> [WHAT YOU ARE ASKED TO DO] Starting at the line below with "12일 오후 서울 잠실구장에서" and stopping at the line with "뭐 럽갤화력 얼마 안간다고", please print each line exactly, those two included, and skip every picture.

> [SUPPLIED INFORMATION]
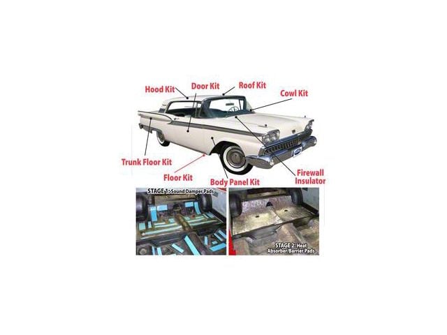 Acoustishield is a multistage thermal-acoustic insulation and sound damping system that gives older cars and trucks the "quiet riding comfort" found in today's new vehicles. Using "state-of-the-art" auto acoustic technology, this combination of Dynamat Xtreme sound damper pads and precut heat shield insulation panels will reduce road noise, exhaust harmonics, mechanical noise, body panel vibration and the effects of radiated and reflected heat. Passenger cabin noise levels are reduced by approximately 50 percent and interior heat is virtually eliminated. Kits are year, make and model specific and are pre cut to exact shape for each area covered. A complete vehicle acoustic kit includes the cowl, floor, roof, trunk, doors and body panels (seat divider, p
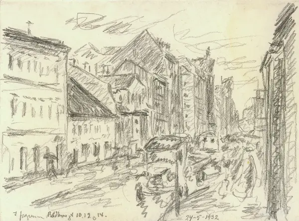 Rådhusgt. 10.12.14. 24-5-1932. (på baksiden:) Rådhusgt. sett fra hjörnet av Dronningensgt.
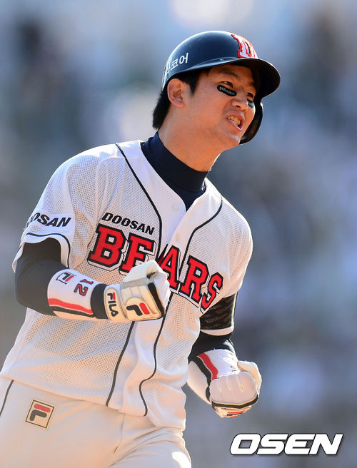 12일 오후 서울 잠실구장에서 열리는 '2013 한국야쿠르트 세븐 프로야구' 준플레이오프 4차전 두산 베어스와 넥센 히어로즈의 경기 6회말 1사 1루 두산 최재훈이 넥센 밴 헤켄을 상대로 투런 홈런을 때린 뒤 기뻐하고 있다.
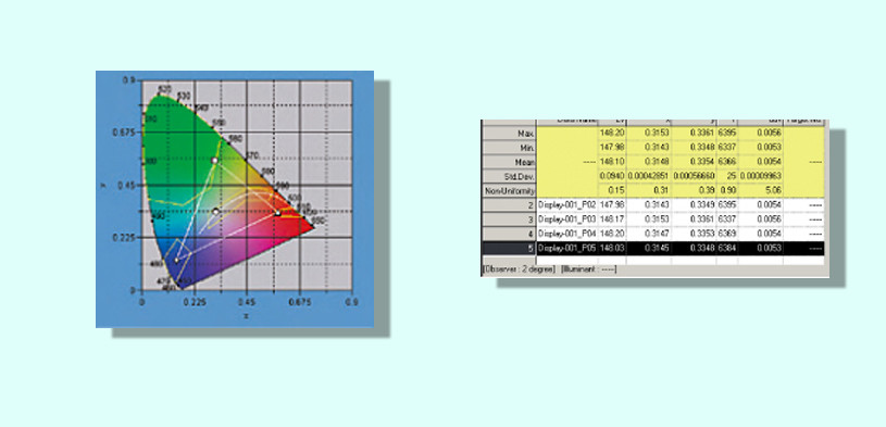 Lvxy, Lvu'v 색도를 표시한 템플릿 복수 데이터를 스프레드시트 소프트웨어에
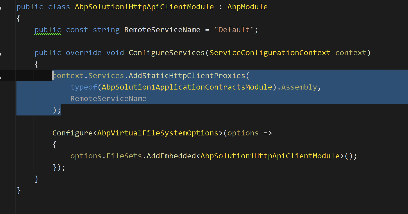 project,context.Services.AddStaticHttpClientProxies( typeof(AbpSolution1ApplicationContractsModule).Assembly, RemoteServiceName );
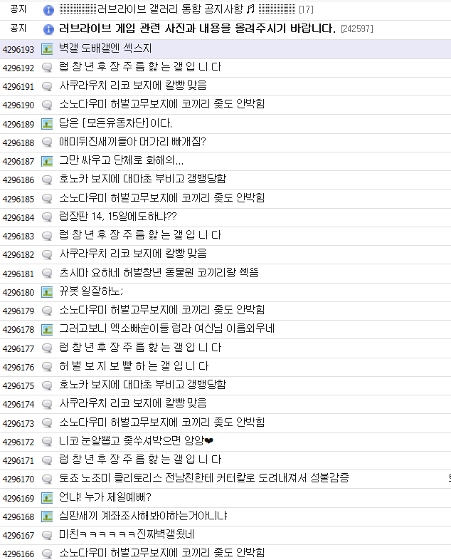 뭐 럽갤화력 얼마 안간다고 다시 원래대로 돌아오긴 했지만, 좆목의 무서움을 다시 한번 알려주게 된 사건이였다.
==
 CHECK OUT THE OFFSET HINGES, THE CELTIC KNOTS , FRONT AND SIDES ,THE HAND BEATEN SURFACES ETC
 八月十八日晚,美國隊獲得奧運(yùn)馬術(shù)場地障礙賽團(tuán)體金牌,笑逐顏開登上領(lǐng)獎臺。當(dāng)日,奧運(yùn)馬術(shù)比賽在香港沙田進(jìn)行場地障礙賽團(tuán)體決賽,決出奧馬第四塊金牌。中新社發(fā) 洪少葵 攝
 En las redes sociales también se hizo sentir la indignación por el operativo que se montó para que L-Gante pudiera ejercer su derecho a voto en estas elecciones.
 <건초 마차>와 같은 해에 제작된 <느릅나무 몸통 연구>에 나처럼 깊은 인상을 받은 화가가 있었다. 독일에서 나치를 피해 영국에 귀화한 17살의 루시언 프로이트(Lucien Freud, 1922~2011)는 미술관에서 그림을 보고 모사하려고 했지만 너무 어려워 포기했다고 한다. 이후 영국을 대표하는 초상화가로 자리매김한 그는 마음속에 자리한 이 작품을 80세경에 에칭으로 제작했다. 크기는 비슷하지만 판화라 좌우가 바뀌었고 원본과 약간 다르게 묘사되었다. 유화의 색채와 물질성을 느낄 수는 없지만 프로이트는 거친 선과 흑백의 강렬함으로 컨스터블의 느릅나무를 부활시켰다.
==
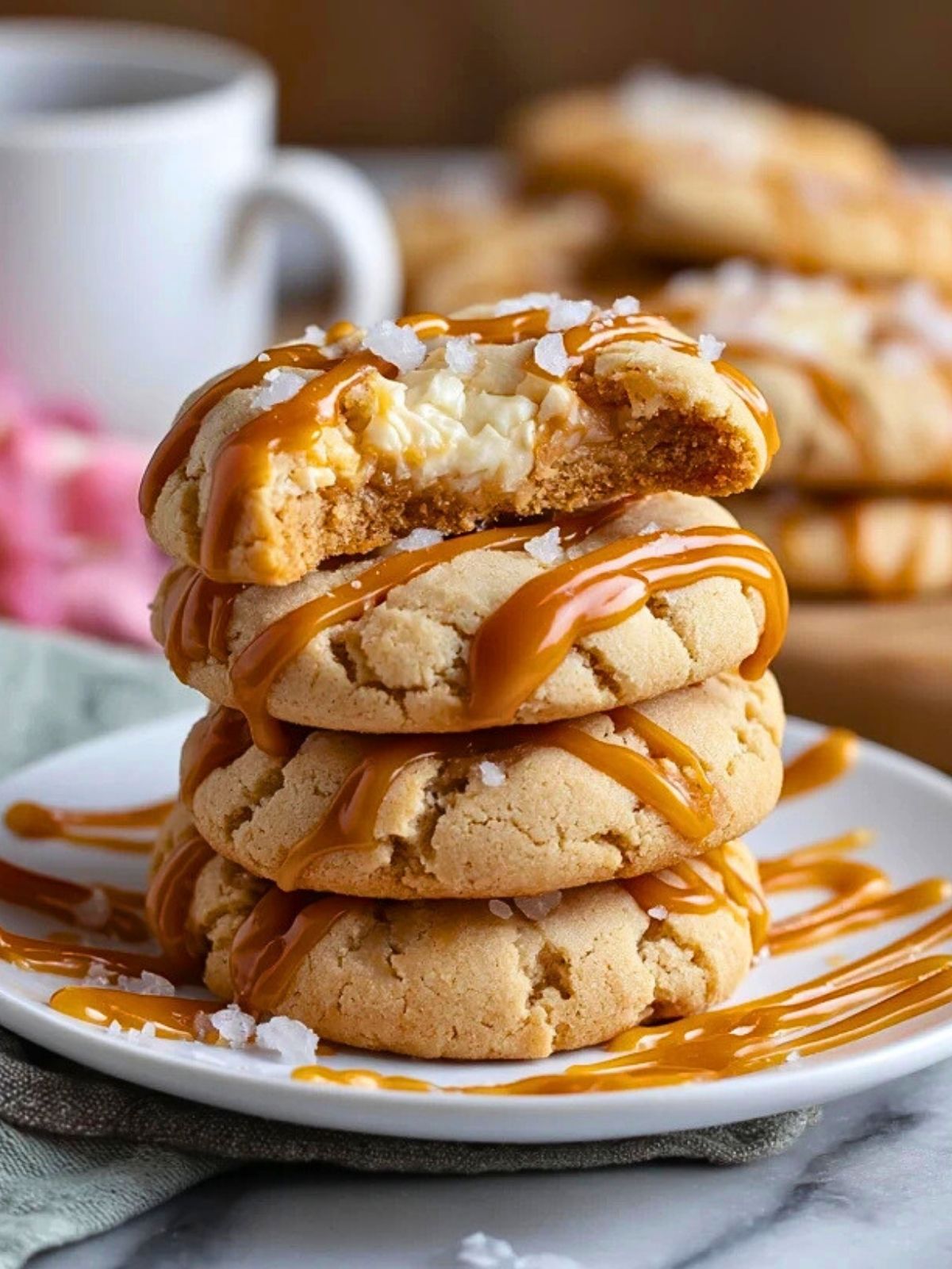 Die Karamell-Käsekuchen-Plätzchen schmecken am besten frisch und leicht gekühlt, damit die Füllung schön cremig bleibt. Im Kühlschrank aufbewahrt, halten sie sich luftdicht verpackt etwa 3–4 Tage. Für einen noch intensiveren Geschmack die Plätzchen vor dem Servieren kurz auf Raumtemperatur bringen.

> [WRITTEN REPLY]
 12일 오후 서울 잠실구장에서 열리는 '2013 한국야쿠르트 세븐 프로야구' 준플레이오프 4차전 두산 베어스와 넥센 히어로즈의 경기 6회말 1사 1루 두산 최재훈이 넥센 밴 헤켄을 상대로 투런 홈런을 때린 뒤 기뻐하고 있다.
 Lvxy, Lvu'v 색도를 표시한 템플릿 복수 데이터를 스프레드시트 소프트웨어에
 project,context.Services.AddStaticHttpClientProxies( typeof(AbpSolution1ApplicationContractsModule).Assembly, RemoteServiceName );
 뭐 럽갤화력 얼마 안간다고 다시 원래대로 돌아오긴 했지만, 좆목의 무서움을 다시 한번 알려주게 된 사건이였다.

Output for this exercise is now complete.